Neem je nu nog medicatie? Ik neem enkel nog iets om te slapen. Anders kan ik gewoonweg de slaap niet vatten. Ook besef ik nu dat ik een neuroticus ben. Door die depressie ben ik gaan nadenken hoe het vroeger was. Mijn geest blijft steeds doormalen. Ik beleef een eeuwige onrust, ben nooit echt op mijn gemak, kan nooit voor de volle 100% ontspannen zijn. Daarom neem ik slaappillen, zodanig dat mijn lichaam kan volgen. Ik kan dankzij enkele banale geneugtes van het leven, volkse uitingen van amusement, mijn geest laten meegolven door bijvoorbeeld te kijken naar een voetbalmatch op televisie. Bij ons thuis ben ik opgegroeid met de koers te volgen en naar het voetbal te kijken. Van andere cultuurvormen, zoals naar het theater gaan, was absoluut geen sprake.

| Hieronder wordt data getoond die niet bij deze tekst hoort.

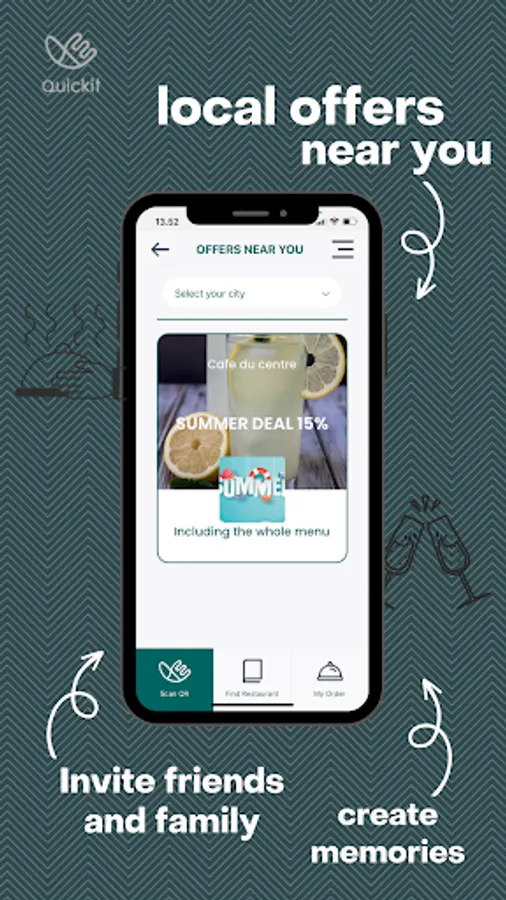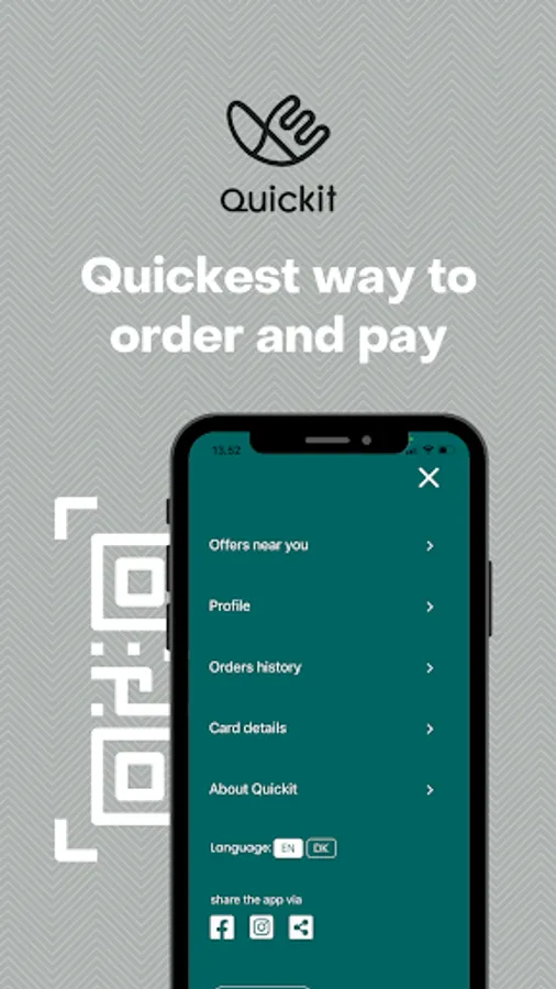Quickit is your digital menucard. Quickit allows you to order and pay directly from your smartphone when dining in at restaurants, cafe's and other serving places. With Quickit you'll have the service by your hand at all times during your visit. Ordering with Quickit you'll minimize wasted time waiting for service and you'll avoid stressed situation during busy hours. Furthermore you'll keep the moments uninterrupted.
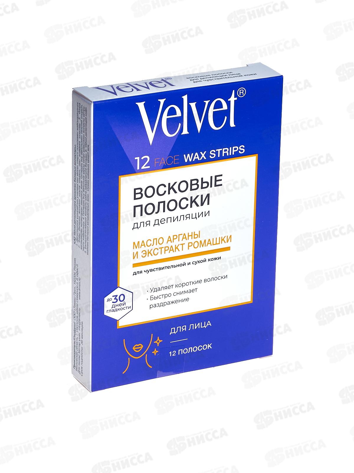 ВЕЛЬВЕТ Восковые полоски для лица чув кожи Масло арганы , ромашка 12шт *24
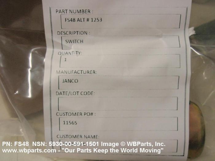 Part Alternates: 1253, 695157, FS48, 5930-00-591-1501, 00-591-1501, 5930005911501, 005911501
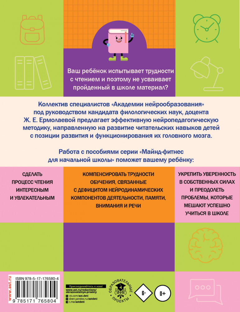 💳 Оплатить за товар можно при получении 🇰🇿 Есть бесплатная доставка по Казахстану от 1 дня 🎁 Копите бонусы с каждой покупки Серия: Майнд-фитнес для начальной школы Пособие серии «Майнд-фитнес для начальной школы» содержит материалы для обучающихся 2 класса, основанные на авторской нейропедагогической методике развития навыков чтения. Работа с тетрадью поможет им компенсировать трудности обучения, связанные с дефицитом нейродинамических компонентов деятельности, памяти, внимания и речи. Соответствует ФГОС, ФОП, ФРП НОО. |
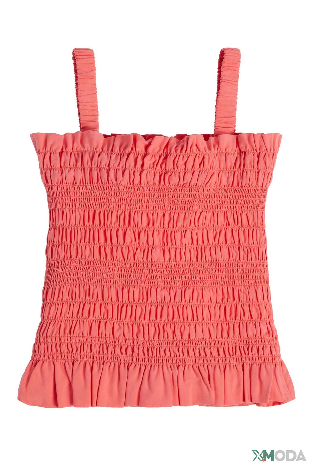 - Дизайн и крой: Блуза выполнена в трендовом стиле с эластичной сборкой по всей длине лифа и низа изделия, что придает ей актуальный вид. Широкие эластичные бретели обеспечивают удобство и надежную фиксацию.
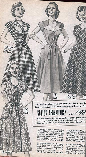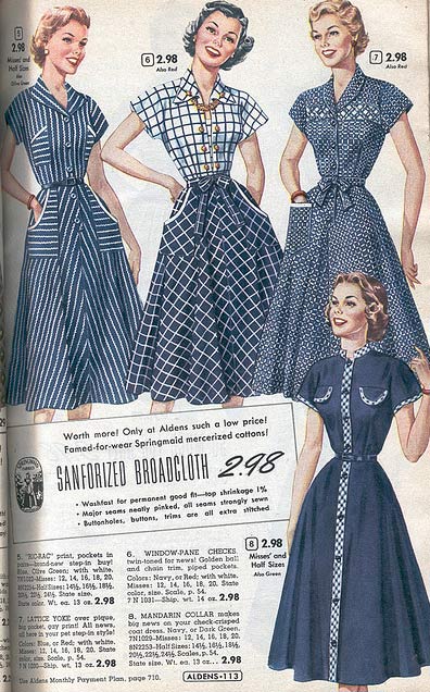 Dresses from the 1950s are easily spotted. The hemline stops around the knee, they look best over a stiff petticoat, and they were a lot of fun to twirl in!
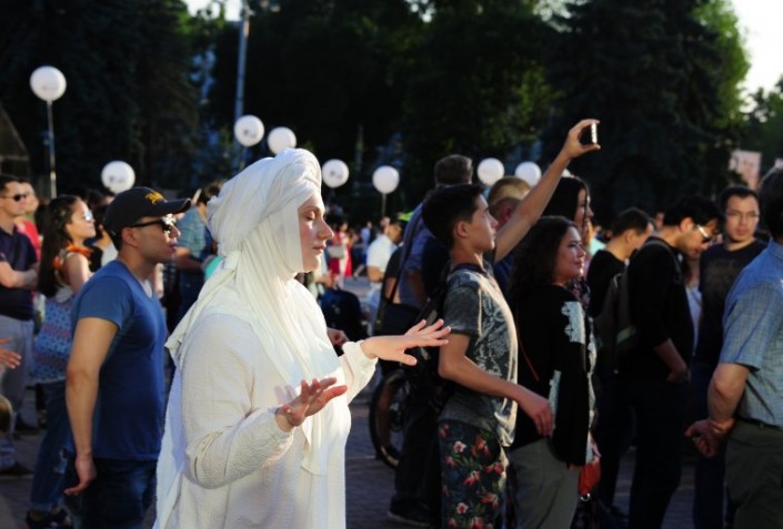 Подготовка к фестивалю на месте началась в конце прошлой недели. Сейчас перед Дворцом Республики обустраивается площадка, устанавливаются новые декорации. Часть из них была специально произведена к фестивалю этого года, часть - обновленные конструкции прошлых лет. Непременно будут знаковые статуи фестиваля балбалы - фигуры-тотемы, созданные по мотивам каменных степных изваяний. Они установлены у сцены, с ними любят фотографироваться гости фестиваля.
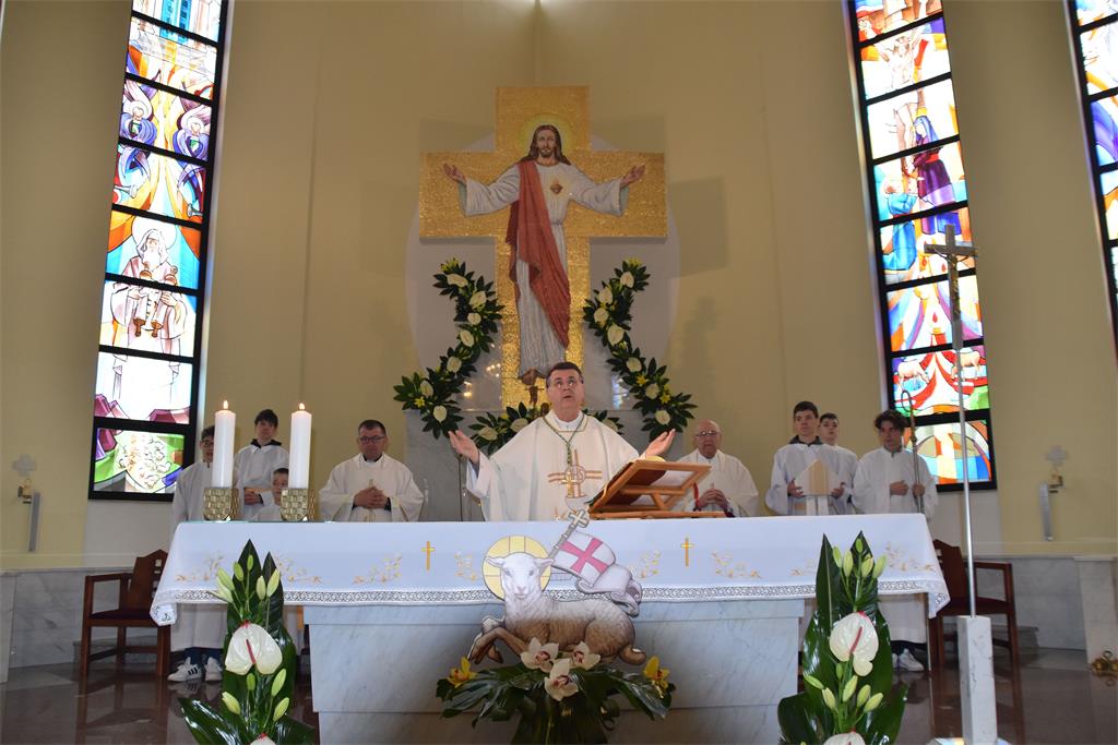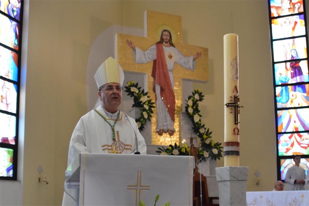 Na početku misnoga slavlja biskup Šaško istaknuo je: "Kada me pitaju kamo idem na Uskrs proslaviti ovu svetkovinu života s Kristom odgovaram:
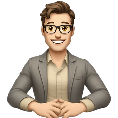 Joyful Celebrating victory Pale skinned Fit Man With dark brown hair in gray jacket, beige office shirt, Brown pants and vintage glasses sitting In a soft chair with a notebook and a pen emoji
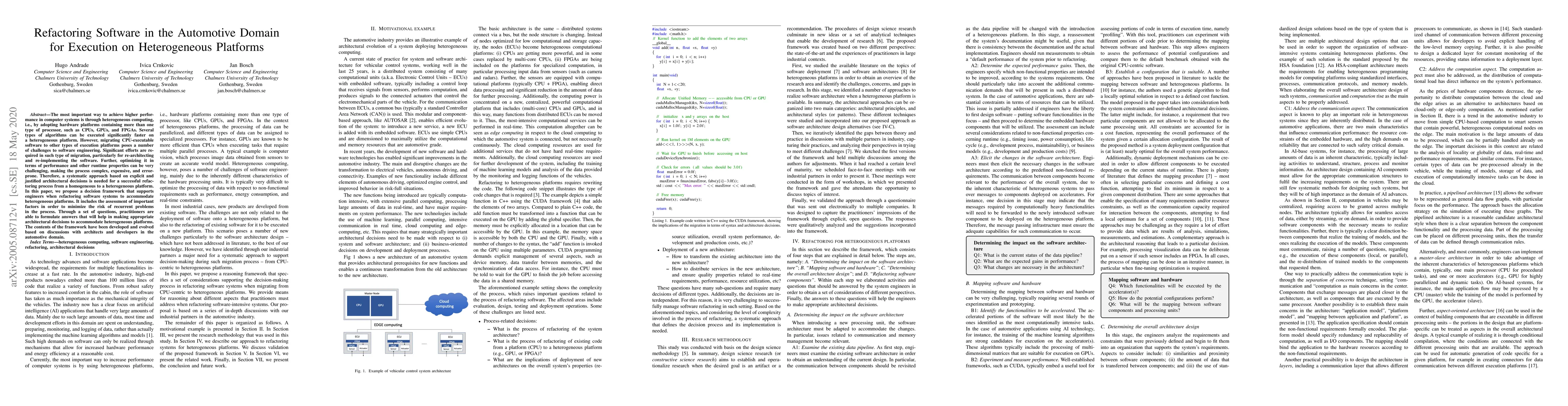 This paper proposes a decision framework to assist software engineers in refactoring automotive software for execution on heterogeneous platforms, addressing challenges in performance optimization and migration. The framework includes a set of questions to guide architectural decisions, minimizing risks and ensuring successful adaptation.

Iedereen praat over die uitzending in de Rob Vanoudenhoven-reeks met Pantani. Hoe bekijk jij de macht van televisie? Dubieus en dubbelzinnig tegelijkertijd. Langs de ene kant ben ik Rob Vanoudenhoven erg dankbaar. Als je als artiest nooit met je kop op televisie komt, dan dreig je snel in de vergetelheid te raken. Ik ben nu wel niet iemand die leeft bij de gratie van de media. Maar één keer per jaar op televisie komen en dan in zo’n programma, waar meer dan een miljoen mensen naar kijken een uur lang, dat is gewoon goed voor een paar jaar herkenning in de straat. Er zijn in het huidige tvlandschap geen programma’s meer waar je jezelf als mens en als artiest kunt profileren. Zo’n programma als ‘Nachtwacht’ op Canvas, is iets waar vijftig minuten lang rustig doorgebabbeld kan worden. Jammer genoeg is dit eerder uitzondering dan regel. In het begin zag ik het programma met Rob helemaal niet zitten. Ik had schrik dat het weer iets ludieks ging worden, waarin ik in een rol werd gewrongen, die niet de mijne is. Eigenlijk is het heel goed meegevallen. Ik heb er een schone fiets en een fijne ervaring aan overgehouden. Dat kunnen ze me niet meer afpakken. Ik word, twee jaar na de uitzending, er nog altijd over aangesproken. De man in de straat komt me vragen of ik mijn fiets nog heb, “hoe is ‘t met uwe fiets?”, en niet “hoe is‘t met uw muziek?” Voor de grote massa ben ik de koersfreak, die Pantani ontmoet heeft en die in zijn vrije tijd ook nog fietst. Dat is wel jammer, maar het is zo en niet anders. Anderzijds ben ik als zanger niet volledig in de marginaliteit gesukkeld. Ik merk bij elk optreden dat ik een hondstrouwe aanhang heb. Ook al is er een paar jaar tussen geweest, ze zijn allemaal weer op post. Op zo’n ontroerende trouw kan ik terugvallen, iets wat in deze tijd van steeds maar nieuwe kicks niet meer zo vanzelfsprekend is. Vroeger, wanneer je een fan van The Stones was, dan bleef je fan, je kocht al hun platen, je schakelde niet over naar The Beatles. Ik was een echte, trouwe Stones-fan. The Beatles heb ik altijd te afgeborsteld gevonden, die vond zelfs ons moeder goed. Die trouw in goede en minder goede dagen, da’s frappant, dat stemt mij optimistisch. Mijn publiek veroudert niet echt. De mensen die me volgen van in het begin zijn gebleven, maar er komen ook jongere mensen opdagen en dat is hoopvol.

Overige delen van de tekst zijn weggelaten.